Today, just over half - 51.2% - of the world's population is online, says the Geneva-based International Telecommunication Union.
This means billions of people are missing out on the clear economic benefits internet access can bring.
Some studies have suggested that every 10% increase in broadband penetration increases a country's economic output by 1%, and other country-specific studies in Africa have established a clear link between poverty alleviation and access to mobile internet.
"High-speed internet has a positive impact on poverty reduction," says Olivier Vanden Eynde, founder of Close the Gap, an organisation working to bridge the digital divide in a sustainable way. "There are very interesting and well-respected studies.
"Better access to information increases farmers' effectiveness in agriculture," he says. "And fintech [financial technology] can make transactions more effective and less corrupt."
In developed countries, 85.3% of households have web access at home. In the 47 poorest countries, the figure is 17.8%.
But the digital divide affects underprivileged people in rich countries too.
In Mississippi, for example, one of the most impoverished US states, 38.1% of households aren't online, says the US Census Bureau.

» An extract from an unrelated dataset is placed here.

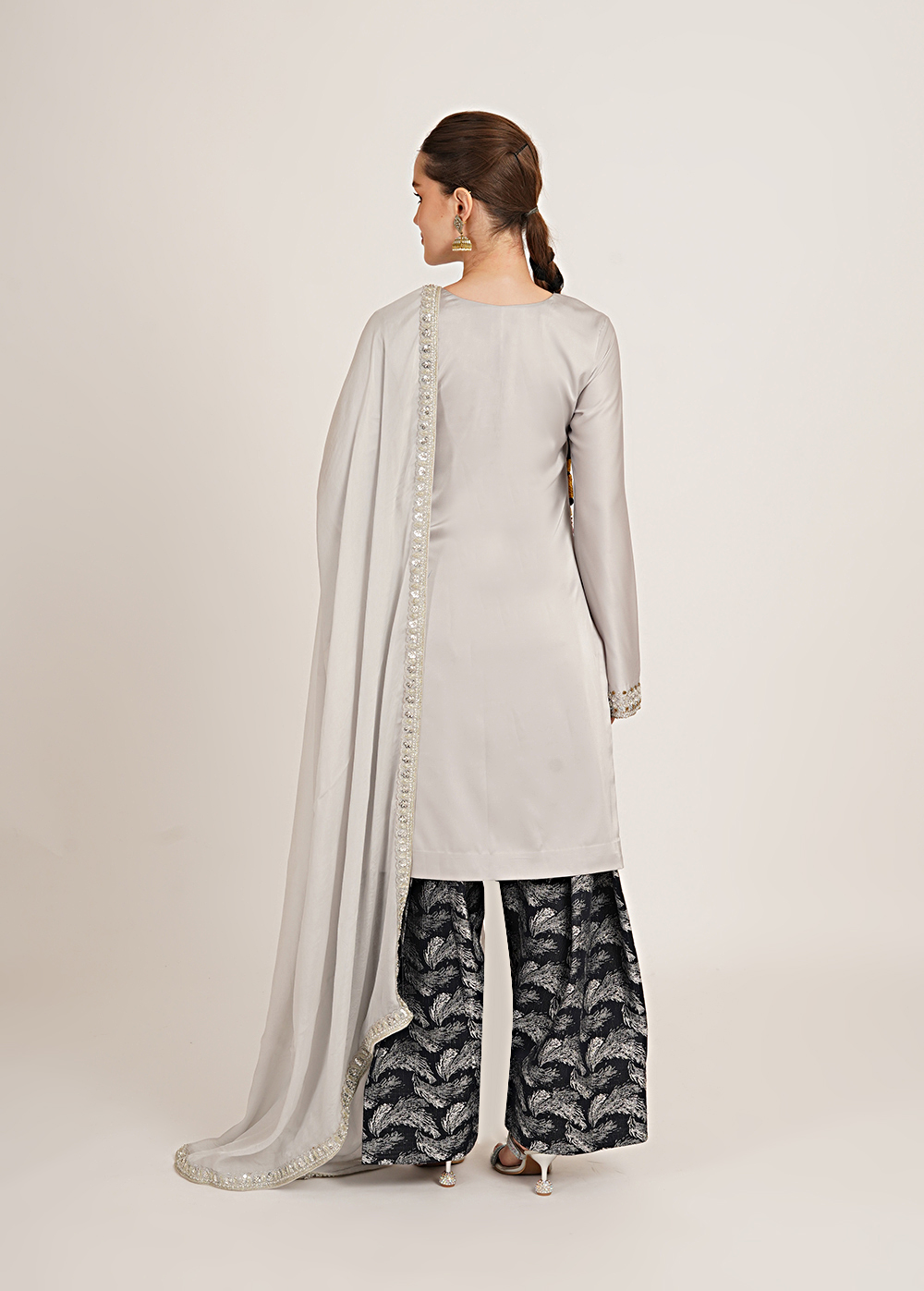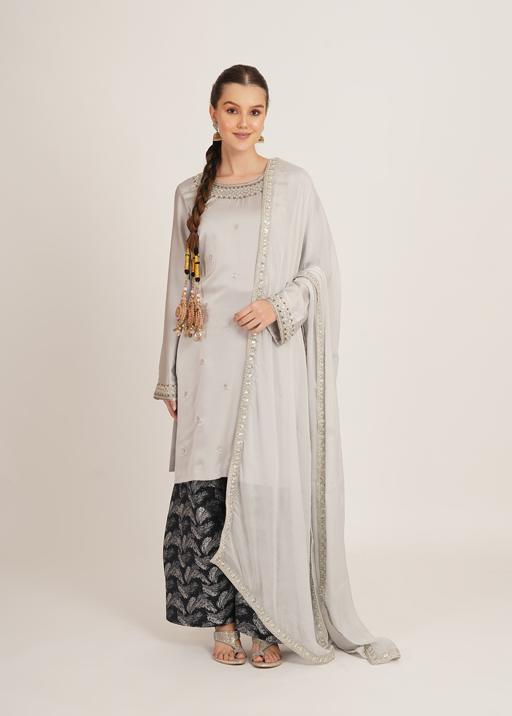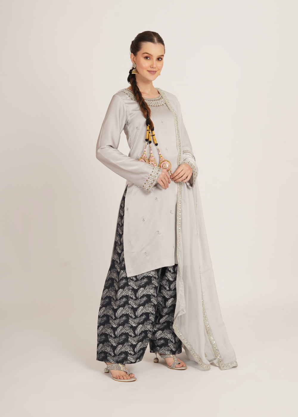 Color- Shirt & Dupatta- Light Grey, Farsi- Deep Navy Blue

Compare this to New Hampshire, one of the wealthiest states, where the figure is 15.1%.
In the US as a whole, five million households with school-age children don't have internet access.

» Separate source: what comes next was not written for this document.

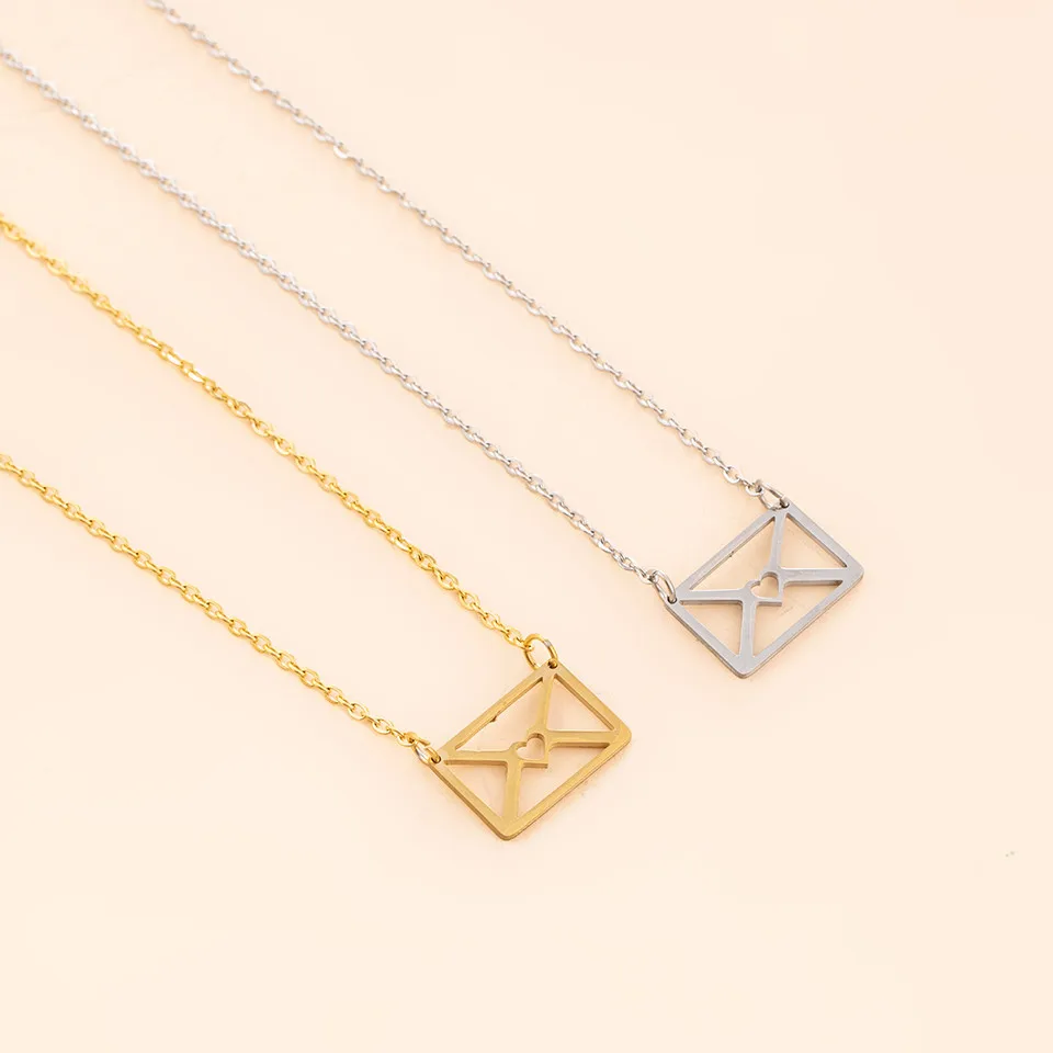 Fine Love Heart Envelope Letter Gold Choker Necklace Stainless Steel Necklaces Pendant Charms Minimalist Jewelry Gifts

Lack of competition in US regional markets drives the average monthly cost of broadband in the US to $66.17 (£51.55), says the price comparison website cable.co.uk. This is 50% higher than the monthly average in Germany, for example.
And with faster - probably more expensive - 5G mobile internet coming in the next year or so, this could add "another new digital divide, with people building new technologies and applications that people who can't afford 5G can't access", says Xiaoqun Zhang, a professor at the University of North Texas.
One region that does well is the former Soviet Union, where infrastructure is well developed and markets are healthily competitive.
Ukraine has the world's cheapest broadband, at an average monthly cost of $5. Russia ($9.77), Belarus ($10.46) and Moldova ($11.28) are all in the next five cheapest, too.
But in African countries such as Sierra Leone, Mali, Namibia and Ethiopia, the average monthly cost of broadband is more than $125.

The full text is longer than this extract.